Il a affirmé que le droit international et la charte de l’ONU «soulignent que le statut de Jérusalem doit être décidé via des négociations, et considère toutes les mesures unilatérales visant à imposer des réalités nouvelles sur le terrain comme nulles et non avenues».

Le porte-parole jordanien a ainsi dit «le rejet par le royaume jordanien de cette décision qui fait monter les tensions, consacre l’occupation (...) israélienne depuis 1967 de la partie Est de la ville, (...) et provoque la colère (...) des musulmans comme des chrétiens».

«Les mesures prises par Israël pour changer le caractère et le statut de Jérusalem, dont l’annonce (de la ville) comme sa capitale, sont des mesures nulles et non avenues conformément aux résolutions 465, 476 et 478 du Conseil de sécurité de l’ONU notamment», a-t-il ajouté.

Il a appelé Washington à jouer «son rôle essentiel de médiateur neutre pour régler le conflit et réaliser la paix sur la base de la solution à deux États».
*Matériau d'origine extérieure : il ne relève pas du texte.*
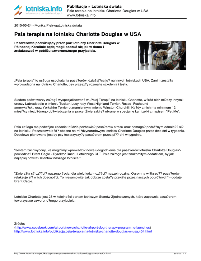 Publikacje » Lotniska świata Psia terapia na lotnisku Charlotte Douglas w USA www.lotniska.info 2015-05-24 - Monika PietrygaLotniska świata Psia terapia na lotnisku Charlotte Douglas w USA Pasażerowie podróżujący przez port lotniczy Charlotte Douglas w Północnej Karolinie będą mogli poczuć się jak w domu i zrelaksować w pobliżu czworonożnego przyjaciela. „Psia terapia” to us?uga uspokajania pasa?erów, dzia?aj?ca ju? na innych lotniskach USA. Zanim zosta?a wprowadzona na lotnisku Charlotte, psy przesz?y rozmaite szkolenia i testy. Siedem psów tworzy za?og? wyspecjalizowan? w „Psiej Terapii” na lotnisku Charlotte, w?ród nich mi?dzy innymi: uroczy Labradoodle o imieniu Tucker, Lucy rasy West Highland Terrier, Rosco- Foxhound ameryka?ski, oraz Yorkshire Terrier o znamiennym imieniu Winston Churchill. Ka?dy z nich ma minimum 12 miesi?cy niezb?dnego do?wiadczenia w pracy. Zwierzaki s? ubrane w specjalne kamizelki z napisem "Pet Me”. Psia za?oga ma podwójne zadanie: b?dzie pozbawia? pasa?erów stresu oraz pomaga? podró?nym odnale?? si? na lotnisku. Poczatkowo b?d? obecne na mi?dzynarodowym lotnisku Charlotte Douglas przez dwa dni w tygodniu. Docelowo planowane jest by psy towarzyszy?y pasa?erom przez pi?? dni w tygodniu. "Jestem zachwycony, ?e mogli?my wprowadzi? nowe udogodnienie dla pasa?erów lotniska Charlotte Douglas"powiedzia? Brent Cagle - Dyrektor Ruchu Lotniczego CLT. Psia za?oga jest znakomitym dodatkiem, by jak najlepiej powita? klientów naszego lotniska." "Zwierz?ta s? cz??ci? naszego ?ycia, dla wielu ludzi - cz??ci? naszej rodziny. Ogromna wi?kszo?? pasa?erów relaksuje si? w ich obecno?ci. To niesamowite, jak dobrze zosta?y przyj?te przez naszych podró?nych” - dodaje Brent Cagle. Lotnisko Charlotte jest 28 w kolejno?ci portem lotniczym Stanów Zjednoczonych, które zapewnia pasa?erom towarzystwo czworono?nego przyjaciela. Źródło: (http://www.copybook.com/airport/news/charlotte-airport-dog-therapy-programme-launches) http://www.lotniska.info/publikacja,psia-terapia-na-lotnisku-charlotte-douglas-w-usa,404.html http://www.lotniska.info/publikacja,psia-terapia-na-lotnisku-charlotte-douglas-w-usa,404.html Powered by TCPDF (www.tcpdf.org) strona 1 / 1

La décision du président Trump de reconnaître officiellement Jérusalem comme capitale d’Israël a suscité une vague de condamnations au sein de la communauté internationale, à l’exception évidemment d’Israël.

 

Pour les Palestiniens, Washington ne peut plus jouer le rôle de médiateur de paix

 

Le président palestinien Mahmoud Abbas a affirmé mercredi que les États-Unis ne pouvaient plus jouer leur rôle historique de médiateur de paix avec les Israéliens, après l’annonce par le président Donald Trump de la reconnaissance de Jérusalem comme capitale d’Israël.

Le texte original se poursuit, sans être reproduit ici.